Der Wandel kam schließlich mit Johannes Paul II. Dass er 1986 als erster Papst überhaupt die römische Synagoge besuchte, Rabbiner Elio Toaff umarmte und gemeinsam mit ihm betete, hatte zwar nichts mit Israel zu tun, beendete aber die Sprachlosigkeit zwischen dem Vatikan und dem Judenstaat. In nur sieben Jahren arbeiteten beide Seiten einen Grundlagenvertrag aus, der 1993 in Kraft trat. Man tauschte Botschafter aus und es begann eine Zeit des Dialogs, die in der Reise von Johannes Paul II. ins Heilige Land im Jahr 2000 ihren Höhepunkt fand. Papst Benedikt XVI. folgte ihm im Mai 2009 und Papst Franziskus genau fünf Jahre später.

Wider die Spirale des Hasses und der Gewalt

Alle drei Päpste legten Wert darauf, dass ihre Besuche nicht als politische Mission, sondern als Pilgerfahrt zur Geburtsstätte des Christentums gedeutet wurden – mit großem Respekt für alle drei Religionen, denen Jerusalem heilig ist, und mit großem Respekt für Juden und Palästina-Araber. Als sich Papst Franziskus 2014 dem Betonring bei Bethlehem wie einer zweiten Klagemauer näherte und den Kopf an sie lehnte, war das wie eine Verneigung vor den Leiden der palästinensischen Bevölkerung, die unter der Zerschneidung und Einkesselung ihres Territoriums leidet. Aber auch für die Anerkennung Israels als Heimstatt der Juden fand Franziskus eine eindeutige Geste: Am Denkmal für Theodor Herzl legte der Papst 110 Jahre nach der Audienz Herzls bei Pius X. einen Kranz aus Blumen nieder.
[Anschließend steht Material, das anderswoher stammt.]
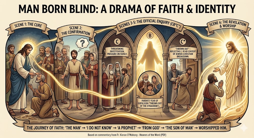PEASBWITU (05:17) – In this short Lenten reflection for the Fourth Sunday of Lent (March 15, 2026), Mike Fletcher, a Catholic from Ontario, Canada meditates on Divine Vision & Path of Light — drawing from the Gospel reading John 9:1–41 (the healing of the man born blind), where Jesus declares “I am the light of the world” and opens eyes to physical and spiritual sight.

Als Papst Franziskus die Präsidenten Shimon Peres und Mahmud Abbas im Juni 2014 in den Vatikan einlud, tat er das nicht, um dort Friedensverhandlungen zu führen, sondern den Frieden demütig von Gott zu erbitten. Der Papst bat beide Seiten um den Mut, die “Spirale des Hasses und der Gewalt” zu durchbrechen. Um Frieden zu schaffen, sei weit mehr Mut erforderlich als zum Kriegführen. Jetzt, da sich die “Spirale des Hasses und der Gewalt” in Nahost wieder dramatisch nach oben dreht, kommt einem die Szene von 2014 in den vatikanischen Gärten vor wie ein Film aus längst vergangener Zeit. Aber der Vatikan bleibt dabei, dass so wie den Israelis auch den Palästina-Arabern das Recht auf einen eigenen Staat nicht zu nehmen ist.